5th ManiKongo of Kongo from 1470 to 1509

King João I (born Nzinga-a-Nkuwu; c. 1440 – 1509) was the 5th ManiKongo of the Kingdom of Kongo (Kongo-dia-Ntotila) between 1470 and 1509. After Portuguese sailors visited his kingdom, he voluntarily briefly converted to Catholicism. He was baptised on 3 May 1491 and took the Portuguese Christian name of João. Soon after, ManiKongo Nzinga-a-Nkuwu João I abandoned the new faith in 1495 for a number of reasons, one of them being the Catholic Church's requirement of monogamy. Politically, he could not afford to abandon polygamy and embrace monogamy, a cultural shift that the king could not contemplate as power in Kongo was elective, rather than hereditary as in Europe; as Kongo culture followed a matrilineality structure, where the elder son of the king is not automatically the next king.

==Early reign==
King Nzinga-a-Nkuwu was the fifth ruler of Kongo.

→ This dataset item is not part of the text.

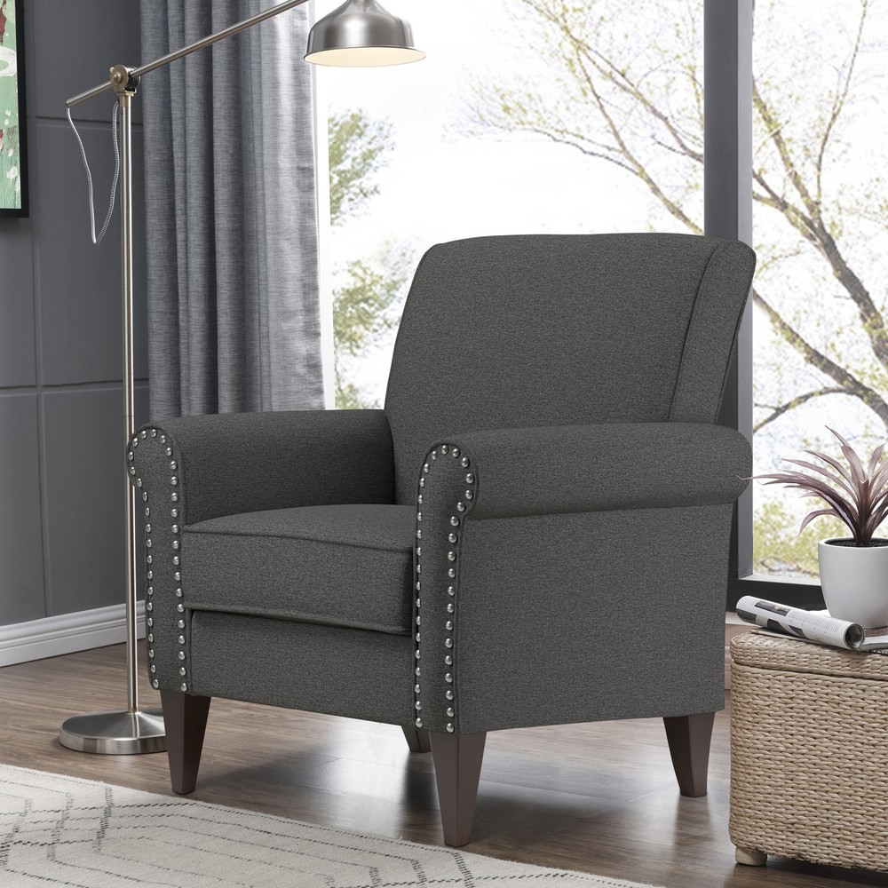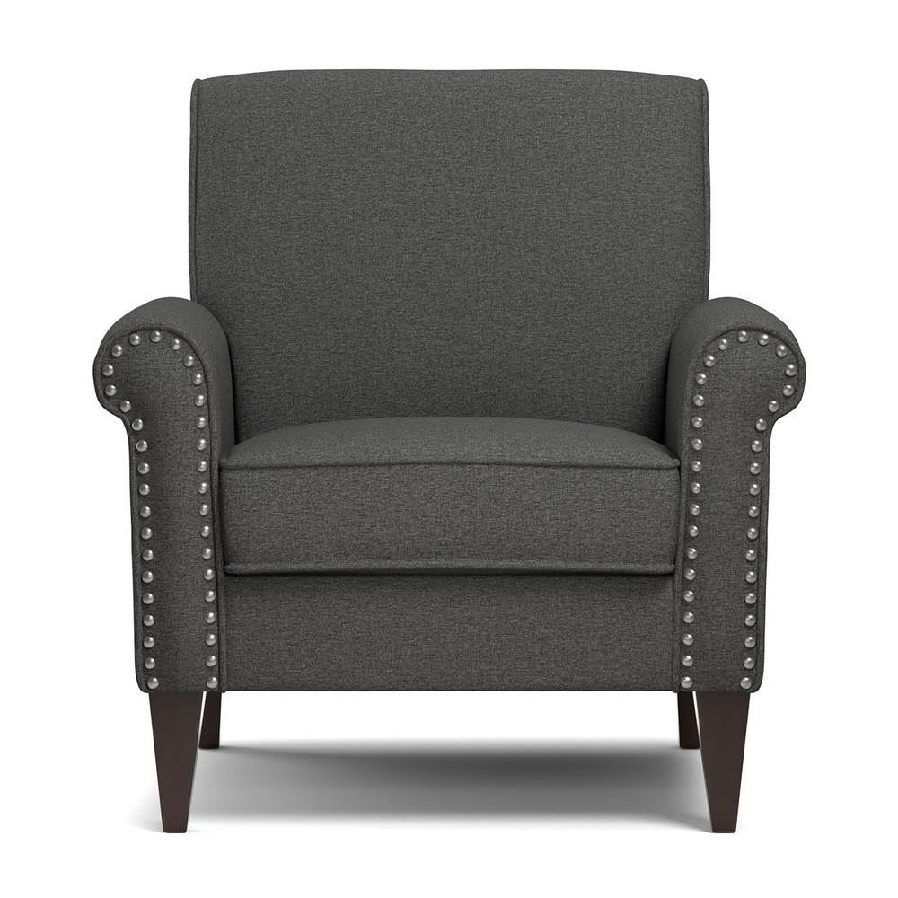 Add a touch of elegance to your living space with the Herve arm chair from Copper Grove. This transitional style chair features a plush foam seat upholstered with textured polyester and adorned with pewter nail head trim for a subtle shine. Choose from three stylish colors to complement your home decor.Features: Engineered mixed hardwood frame for durability Foam fill with pocket coils for added comfort 100% polyester upholstery for easy maintenance Espresso-finished tapered legs for a modern touch Pewter nail head trim for a hint of sophistication Round arms and attached seat and back cushions for a cohesive look Semi-firm seat for optimal support Requires assemblyDimensions: Overall: 36.5 inches H x 34 inches W x 31 inches D Seat: 19.25 inches H x 21 inches W x 20 inches D Free Shipping Over $49.99* Details Copper Grove Herve Arm Chair Product Description: Add a touch of elegance to your living space with the Herve arm chair from Copper Grove. This transitional style chair features a plush foam seat upholstered with textured polyester and adorned with pewter nail head trim for a subtle shine. Choose from three stylish colors to complement your home decor. Features: Engineered mixed hardwood frame for durability Foam fill with pocket coils for added comfort 100% polyester upholstery for easy maintenance Espresso-finished tapered legs for a modern touch Pewter nail head trim for a hint of sophistication Round arms and attached seat and back cushions for a cohesive look Semi-firm seat for optimal support Requires assembly Dimensions: Overall36.5 inches H x 34 inches W x 31 inches D Seat19.25 inches H x 21 inches W x 20 inches D Arm24.75 inches H x 6.5 inches W Weight capacityup to 300 lbs.

He was married to Queen Nzinga a Nlaza, a first cousin. She had a son by the king named Nzinga Mbemba. She would later help him become king of Kongo after her husband's death. Under the reign of Nzinga a Nkuwu, Kongo had grown to 100,000 square kilometers and contained a very centralized government.

==Arrival of the Portuguese==
In 1483, a Portuguese caravel captained by Diogo Cão reached the estuary of the Congo River and made contact with subjects of the king of Kongo. The Portuguese were initially well-received in Kongo. They offered the king of Kongo many presents, and participated in a festival before returning to Lisbon. Cão sailed back to Portugal carrying a party of Kongo emissaries. On arrival in Lisbon, the emissaries were baptised and placed in a monastery before returning to the king in 1491.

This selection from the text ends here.